Apache Cassandra is an open source, distributed, NoSQL database. Cassandra was originally designed at Facebook as a decentralized structured storage system. Over the past decade, a number of startups and many of the largest enterprises—like Apple, Best Buy, Grubhub, Hulu, Spotify, Discord, and more—have implemented Cassandra to support applications like Apple Maps, iCloud, iTunes, Hulu’s streaming platform, Spotify’s personalization stack, etc. Features like distributed masterless architecture, linear scaling, fault tolerance, and high performance make Cassandra a popular choice when selecting a NoSQL database to support your applications. As enterprises are modernizing the way they build and deploy applications using containers and Kubernetes, they also need a way to run Apache Cassandra on Kubernetes reliably.

In this blog, we will talk about how you can deploy a highly available Cassandra instance using the K8ssandra project on your Tanzu Kubernetes Clusters running on-prem with Portworx. We will walk you through the Cassandra deployment using the Cass Operator and then discuss failure handling and scaling operations for your Cassandra database.

To get started, we have a five node Tanzu Kubernetes cluster running Kubernetes version 1.19.7 with the Portworx 2.8 release. The latest release from Portworx allows VI Admins to dynamically provision disks using the CNS CSI plugin and aggregate those disks to create a Portworx storage pool that can be used by your Kubernetes applications. We will discuss the deployment and setup of Portworx on VMware Tanzu in a later blog.

Once we have the cluster up and running, we will start by deploying the Cassandra Operator. Use the following commands to deploy the Cassandra Operator and verify that everything was deployed successfully:

kubectl apply -f

https://raw.githubusercontent.com/k8ssandra/cass-operator/v1.7.0/docs/user/cass-operator-manifests.yaml

kubectl get all -n cass-operator

Next, we will create a new Portworx StorageClass, which will be used to dynamically provision the Cassandra persistent volumes. We will use a replication factor of “2” and set the IO priority to “high.”
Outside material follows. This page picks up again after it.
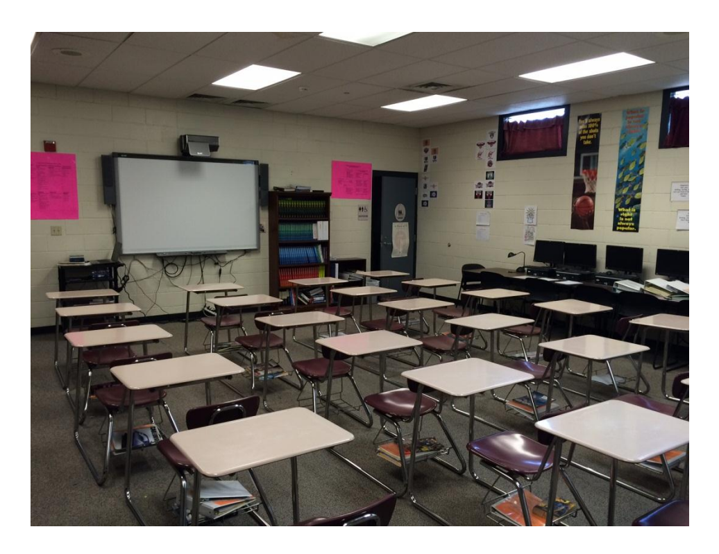
Classroom at Juvenile Hall

cat > px-cassandra-sc.yaml << EOF
kind: StorageClass
apiVersion: storage.k8s.io/v1
metadata:
  name: portworx-sc
provisioner: kubernetes.io/portworx-volume
parameters:
  repl: "2"
  priority_io: "high"
  group: "cassandra_vg"
EOF
kubectl apply -f px-cassandra-sc.yaml
kubectl get sc

Once the StorageClass is up and running, we will deploy our Cassandra database instance using the following yaml file. We will name the Cassandra Datacenter “dc1” and the cluster “cluster1.” We will use the StorageClass defined in the previous step to dynamically provision ReadWriteOnce volumes for Cassandra.
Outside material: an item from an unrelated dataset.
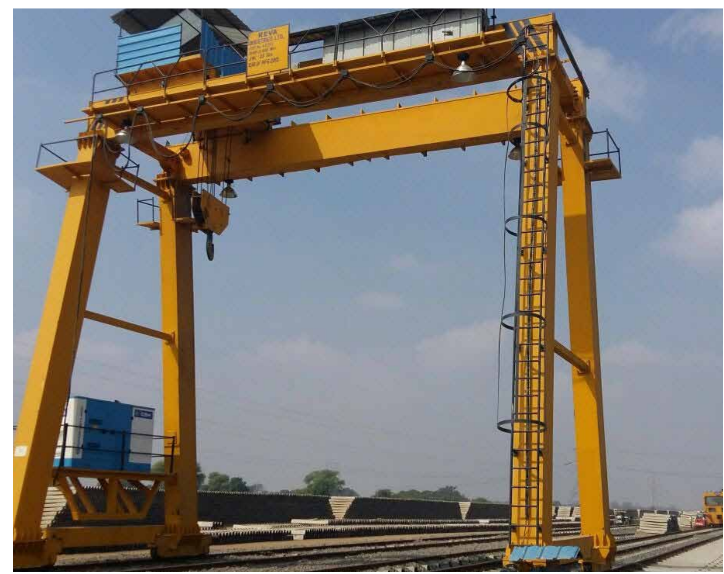
35T Goliath Crane at Tata Bhadan, DFCC

Gantry Cranes, often called Goliath Cranes or Portal Cranes, are suitable for indoor and outdoor usage. They are self standing members (they are cranes with legs), and do not require support from walls or rigid columns of buildings. They are available in a wide range of capacities between 1T till 150T. They are majorly used in open ware houses or buildings where the column or structure is weak.

cat > cass-instance.yaml << EOF
apiVersion: cassandra.datastax.com/v1beta1
kind: CassandraDatacenter
metadata:
  name: dc1
spec:
  clusterName: cluster1
  serverType: cassandra
  serverVersion: "3.11.7"
  managementApiAuth:
    insecure: {}
  size: 3
  storageConfig:
    cassandraDataVolumeClaimSpec:
      storageClassName: portworx-sc
      accessModes:
        - ReadWriteOnce
      resources:
        requests:
          storage: 10Gi
  config:
    cassandra-yaml:
      authenticator: org.apache.cassandra.auth.PasswordAuthenticator
      authorizer: org.apache.cassandra.auth.CassandraAuthorizer
      role_manager: org.apache.cassandra.auth.CassandraRoleManager
    jvm-options:
      initial_heap_size: "800M"
      max_heap_size: "800M"
      max_direct_memory: "800M"
      additional-jvm-opts:
        - "-Ddse.system_distributed_replication_dc_names=dc1"
        - "-Ddse.system_distributed_replication_per_dc=3"
EOF
kubectl apply -f cass-instance.yaml -n cass-operator

This will deploy a three node Cassandra cluster using a StatefulSet. It takes a few minutes for all the containers in the pods to be in a running state and the Cassandra DB to be online. If you don’t want to use the Cassandra Operator, you can also deploy Cassandra using a simple stateful set.
Once you have deployed the Cassandra Database, you can run the following commands to verify that everything is working as expected:

kubectl get pods -n cass-operator
kubectl get pvc -n cass-operator
kubectl -n cass-operator get pods --selector

cassandra.datastax.com/cluster=cluster1

kubectl -n cass-operator get cassdc/dc1 -o "jsonpath={.status.cassandraOperatorProgress}"
kubectl -n cass-operator exec -it -c cassandra cluster1-dc1-default-sts-0 -- nodetool status
kubectl get pvc -n cass-operator

We will also use the following commands to verify the persistent volumes and their replication status. To do that, we will exec into one of the Portworx pods running in the kube-system namespace and then use the pxctl utility from Portworx to list all the volumes and inspect them.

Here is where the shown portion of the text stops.